In concomitant use of imatinib and simvastatin, there is a 2 and 3.5-fold increase in Cmax and AUC of simvastatin, respectively, which is due to inhibition of CYP3A4 by imatinib. Caution is recommended when concomitant use of imatinib and drugs that are substrates of CYP3A4 and have a narrow range of therapeutic concentration (e.g., cyclosporine, pimozide, tacrolimus, sirolimus, ergotamine, fentanyl, terfenadine, bortezomib, docetaxel, quinidine). Imatinib may increase serum concentrations of other drugs metabolized by CYP3A4 isoenzyme (triazolobenzodpaseppines, dihydropyridine, “slow” calcium channel blockers, most HMG-CoA reductase inhibitors, including statins).

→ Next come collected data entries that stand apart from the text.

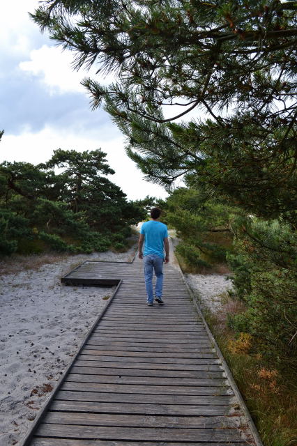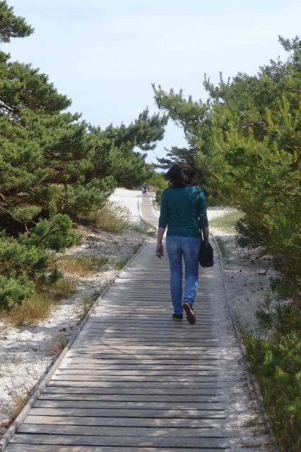 Vi bodde nära havet, på en plats som heter Balka. Därifrån gick vi snabbt ner till stranden. Det småregnade och blåste rejält under ankomstdagen. Vid ett tillfälle under veckovistelsen låg vi på en filt på den fina omtalade stranden i Dueodde. Vi såg bara ett fåtal människor omkring oss. Vi kände på vattnet. Iskallt. Inte en tanke på att bada.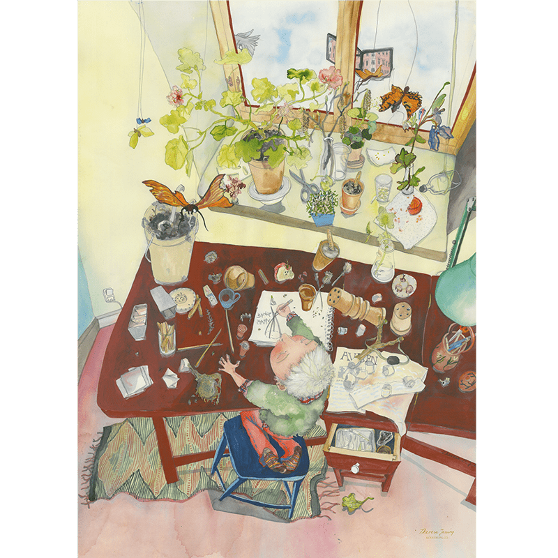 A quiet moment by the window. In Nature Study Theresa Jessing has created a sensitive and atmospheric scene: a boy sits absorbed in his notebook, surrounded by plants and natural light. It's an image of curiosity and presence – a quiet tribute to childhood wonder and the small details of nature.
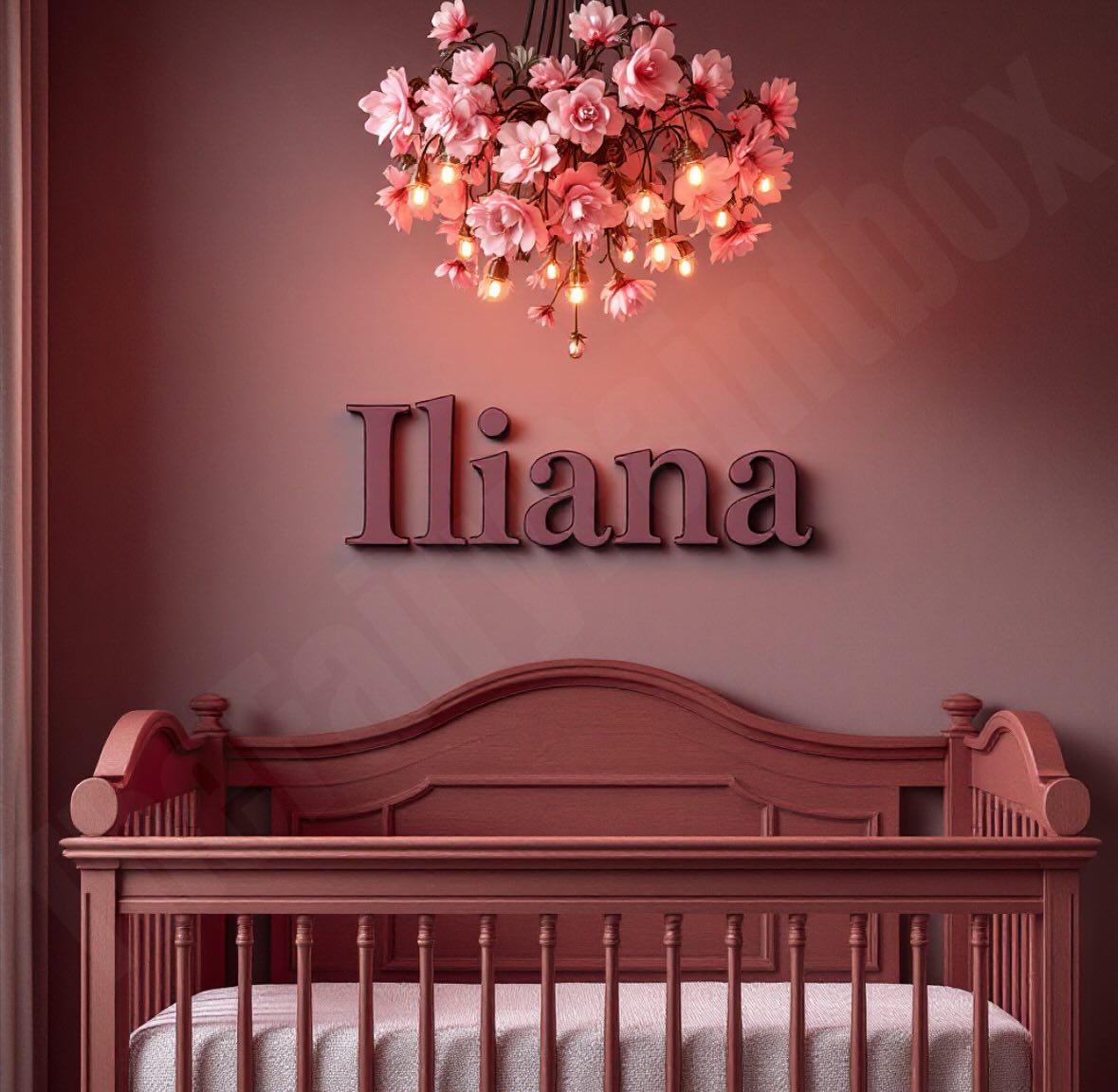 Painted Wall Letters are a must have for your child's room. We provide free preliminary sketches and work with you via email to finalize a design that you love. We will customize any name, phrase or text to coordinate with bedding sets, room themes, color schemes, etc. Choose from our huge selection of fonts and sizes to create your perfect personalized wall letters for any space. Just message us for a custom order!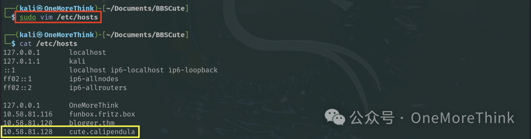 由于图片马地址使用了域名,需要在Kali中绑定域名。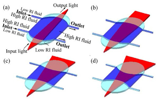 Figure 5. Hydrodynamically reconfigurable optofluidic lens, in which the liquid core (in blue) is sandwiched by the liquid claddings [27]. (a) The liquids form a biconvex lens and the beam is focused. (b) The beam is collimated when the interface curvature becomes smaller. (c,d) A biconcave lens is obtained and the beam becomes divergent.
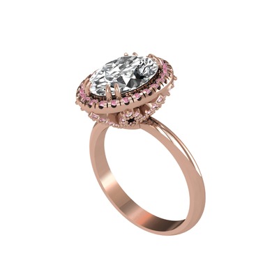 Swarovski ve pembe kuvars 14 ayar rose altın yüzük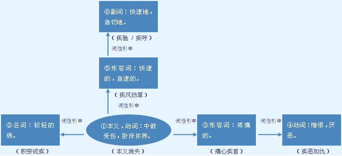 jí ❶形快;迅速。手疾眼快|疾驰 →❷形迅猛。疾风知劲草 →❸名病。讳疾忌医 ❹动 疼。痛心疾首 ❺ 形 (生活上的)痛苦。疾苦 ○❻动厌恶;憎恨。疾恶如仇用法说明统读 jí,不读 jī。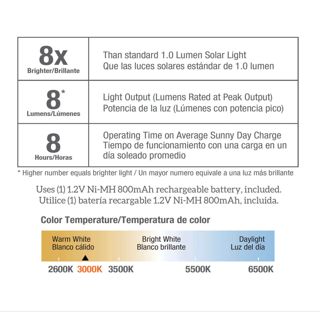 Illuminate your outdoor areas with this solar path light. Runs up to 8 hours of nightly runtime on a fully charge battery. No wiring required for easy set-up.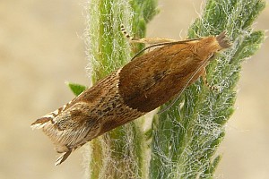 Schütze (1931) fasst zusammen: "In zwei Generationen nach Sorhagen polyphag an niederen Pflanzen und Sträuchern in einem umgeschlagenen und versponnenen Gipfelblatt. Sanguisorba, Thymus, Teucrium scorodonia, Potentilla argentea, Potentilla opaca, Potentilla cinerea, Potentilla verna, Fragaria."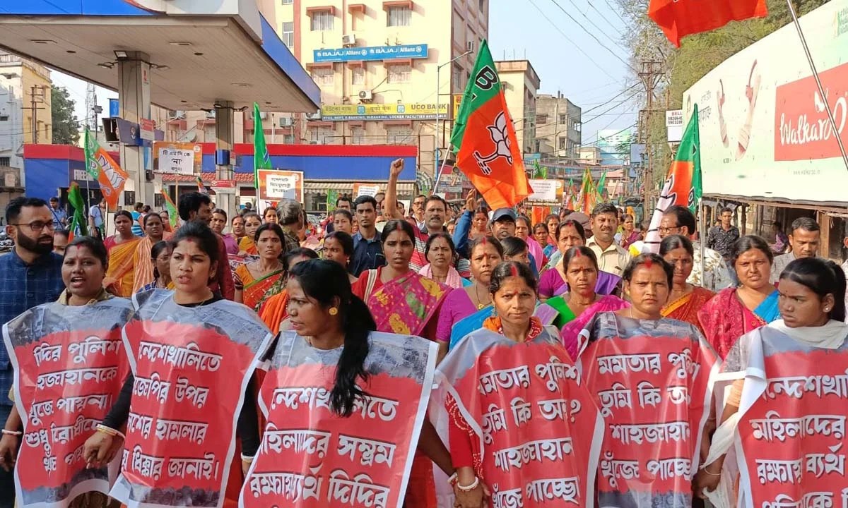 বীরভূমের সিউড়িতে বিজেপির মহিলা মোর্চার প্রতিবাদ ও বিক্ষোভ মিছিল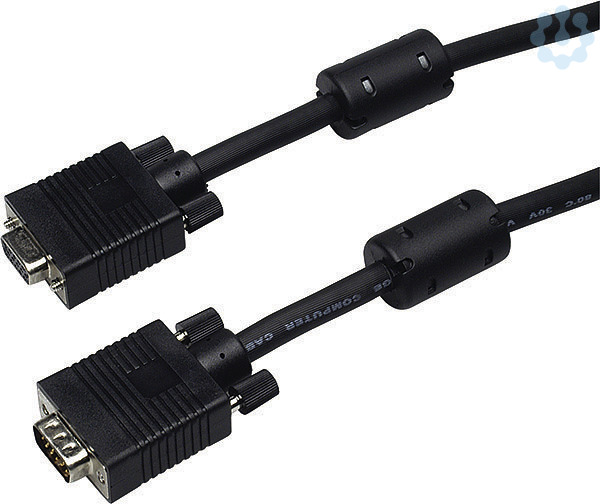 Verlängerungskabel VGA Sub D 15-polig. Länge: 3,0m. Farbe schwarz. Seite 1: Stecker 15-pol. Seite 2: Stecker 15-pol. Verpackt im Polybeutel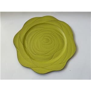 Plato de presentación de plástico amarillo mate con negro diseño flor de rosa de 33x33x2 cm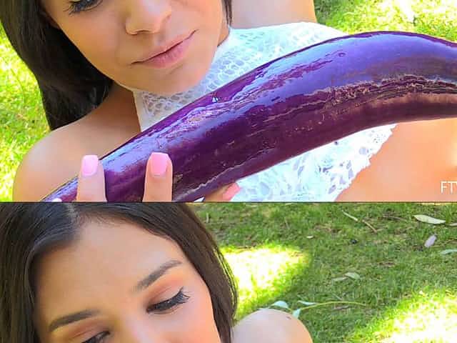 Stunning Sara Luvv Inserts A Real Banana And A Cucumber In Her Pussy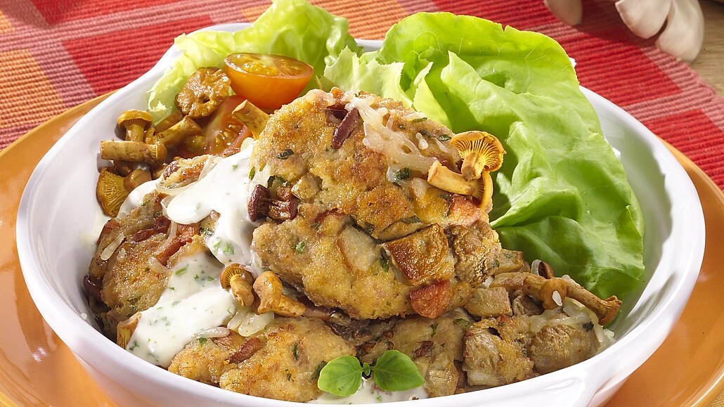 - Housky namočíme do vody a necháme nasáknout. Pak je jemně vymačkáme a přidáme do houbové směsi. Vmícháme vejce, sůl a pepř a důkladně rukama prohněteme.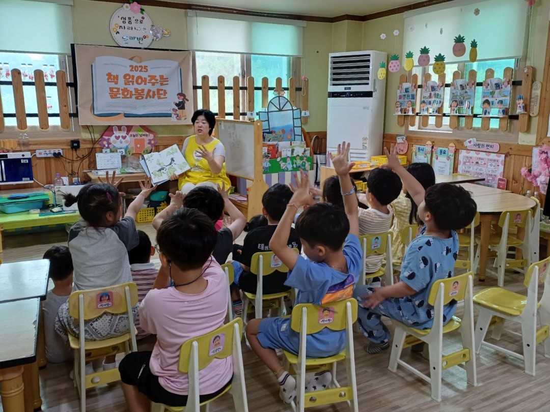 책읽어주는봉사단이 아이들에게 책을 읽어주고 있다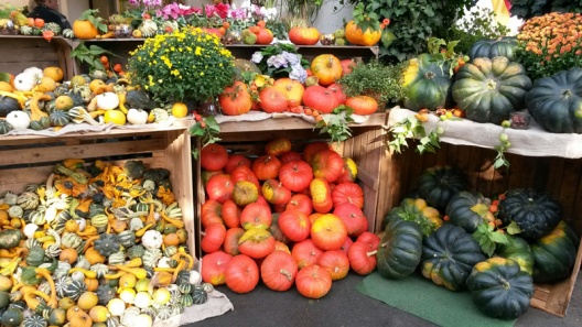 im Herbst Kürbisse, Zierkürbisse und Stiefmütterchen
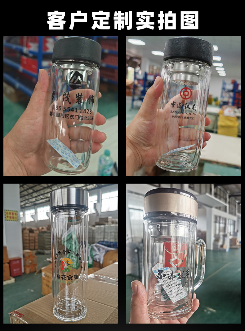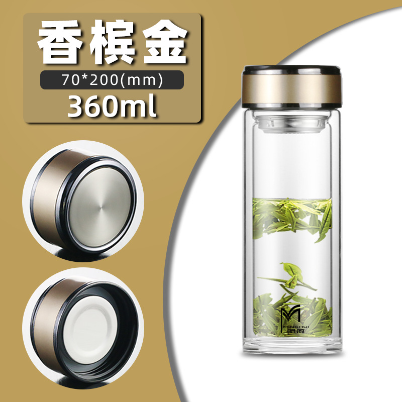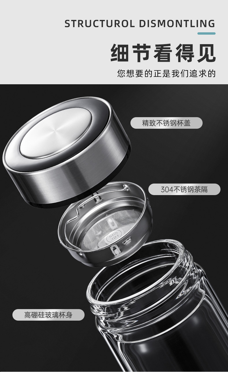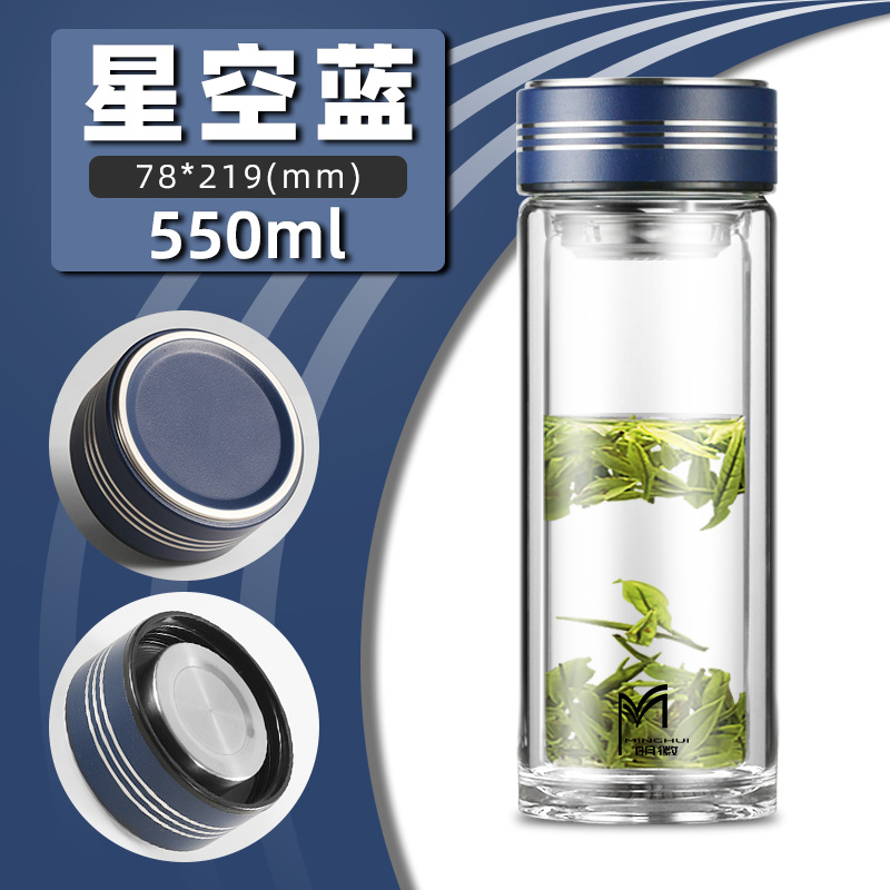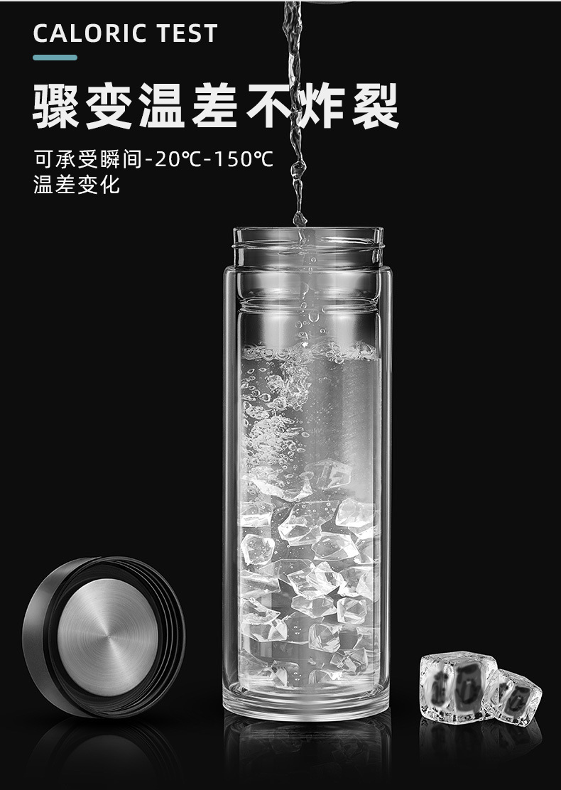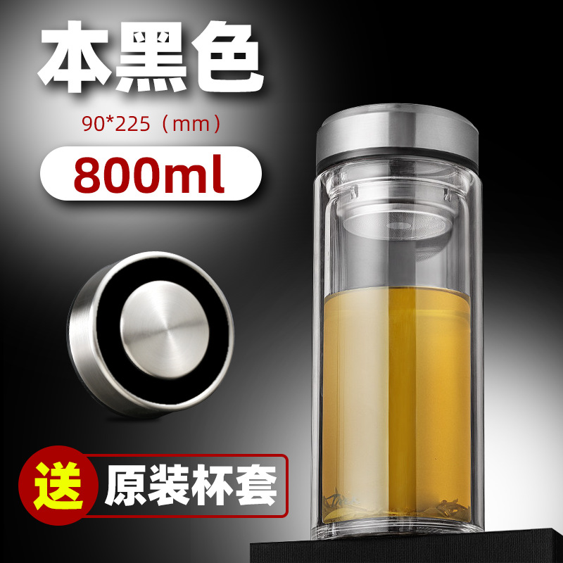 대용량 1000ml 2 중 유리 고온 방폭 야외 물컵 뚜껑이 있는 남성용 투명 티컵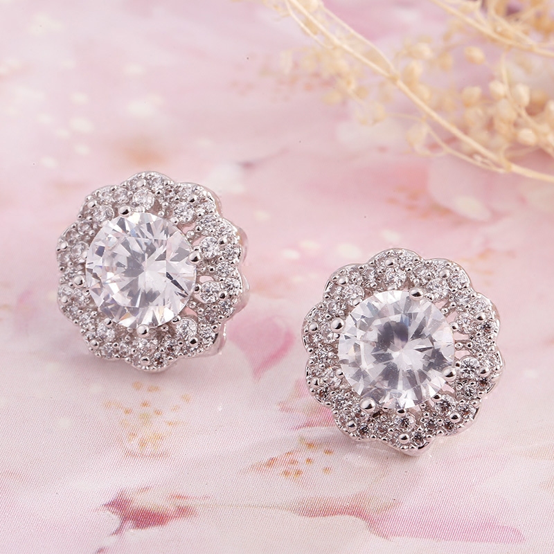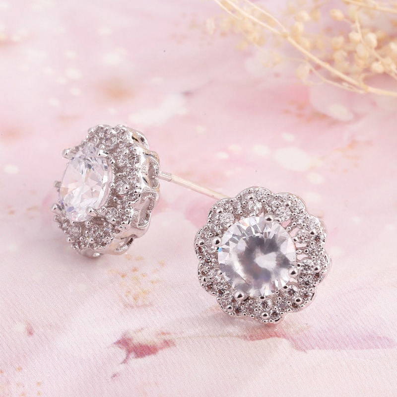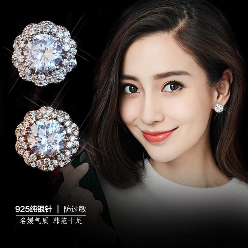 S925 sterling silver ear pin female temperament Korean version fashion diamond-encrusted zircon earrings Japan and South Korea personality super flash ear jewelry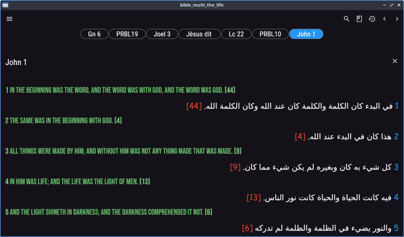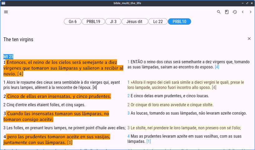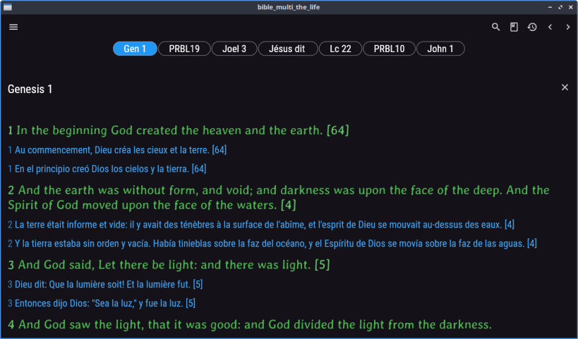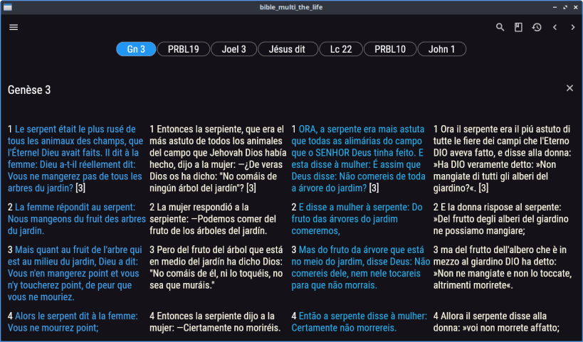 Bible multi languages, free, offline, no advertising, in English, French, Italian, Spanish, Portuguese.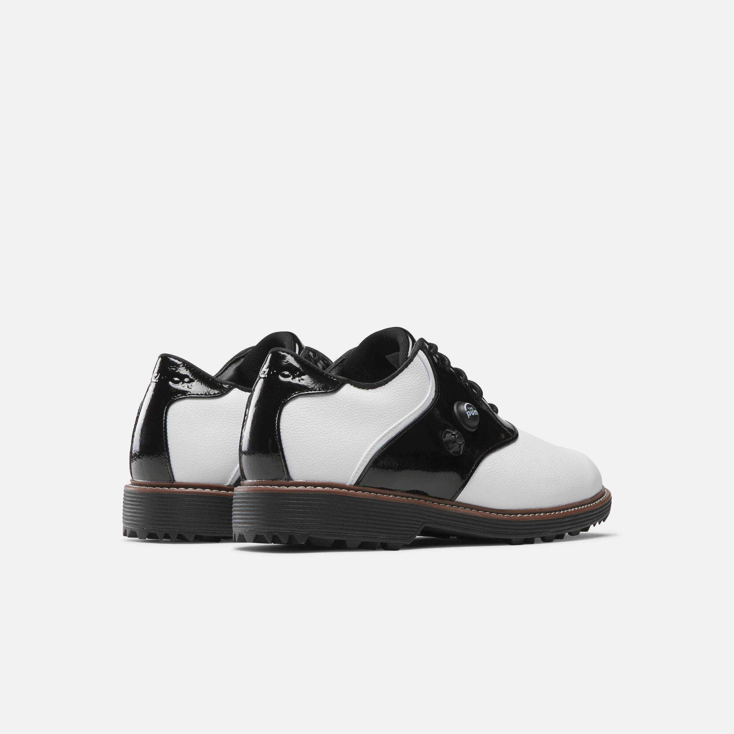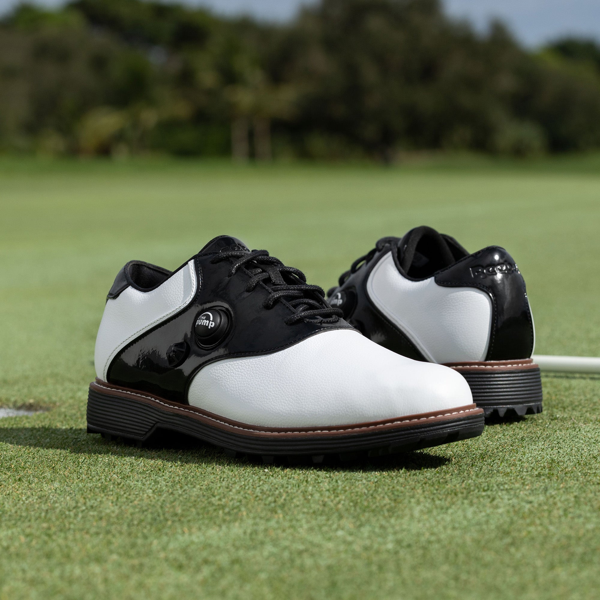 Spikeless golf shoes with a pebbled leather upper

Imatinib also inhibits CYP2C9 isoenzyme and CYP2C19 isoenzyme in vitro. When concomitant use with warfarin, prolongation of prothrombin time was observed. Concomitant use with coumarin derivatives requires short-term monitoring of prothrombin time at the beginning and end of therapy, as well as when changing the dosing regimen. As an alternative to warfarin, the use of low molecular weight heparins should be considered.
The issue of drug interactions between imatinib and chemotherapy drugs in patients with Ph+ OLL is poorly understood. Caution should be exercised when concomitant use of imatinib and chemotherapy drugs due to possible increased risk of drug complications, such as hepatotoxicity, myelosuppression and others.
When combining imatinib with chemotherapeutic agents at high doses, transient hepatic toxicity as increased liver transaminase activity and hyperbilirubinemia may develop. When combining imatinib and chemotherapy regimens that have the potential to cause liver dysfunction, liver function monitoring should be considered.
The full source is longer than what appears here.